Advanced Statistical Measures: Variance, Standard Deviation, and Skewness

by Electra Radioti
Variance_Standard Deviation_Skewness
  1. Variance and Standard Deviation for Grouped Data
  • Explanation of variance for ungrouped and grouped data.
  • Calculation methods and example.
  1. Coefficient of Variation \((CV)\)
  • Definition and calculation.
  • Example demonstrating its application.
  1. Simplified Formula for Variance
  • A more convenient method for calculating variance.
  1. Mean Deviation
  • Definition for both ungrouped and grouped data.
  • Example calculation.
  1. Measures of Skewness
  • Types of skewness (symmetric, positively skewed, negatively skewed).
  • Coefficient of skewness calculation and example.
  • Pearson’s skewness coefficient.

Variance and Standard Deviation for Grouped Data

Variance for Ungrouped Data:
For ungrouped data, the variance (\(\sigma^2\)) is calculated as:
\[ \sigma^2 = \frac{1}{N} \sum_{i=1}^N (x_i – \mu)^2 \]
where \(N\) is the total number of data points, \(x_i\) is each individual data point, and \(\mu\) is the mean of the data.

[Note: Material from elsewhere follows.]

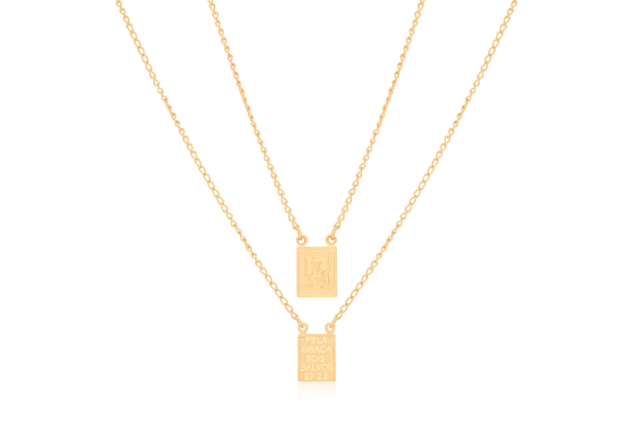 GARGANTILHA BANHADA EM OURO, ESCAPULÁRIO, 35cm COMPRIMENTO, MEDALHA 10X8mm, ''O SENHOR TE ABENÇOE E TE GUARDE'' E ''PELA GRAÇA SOIS SALVOS''

Variance for Grouped Data:
Assuming we have \(k\) groups with frequencies \(f_i\) and the central value of each group is \(w_i\), the variance of the population can be calculated as:
\[ \sigma^2 = \frac{1}{N} \sum_{i=1}^k f_i (w_i – \mu)^2 \]
where \(N\) is the sum of all frequencies.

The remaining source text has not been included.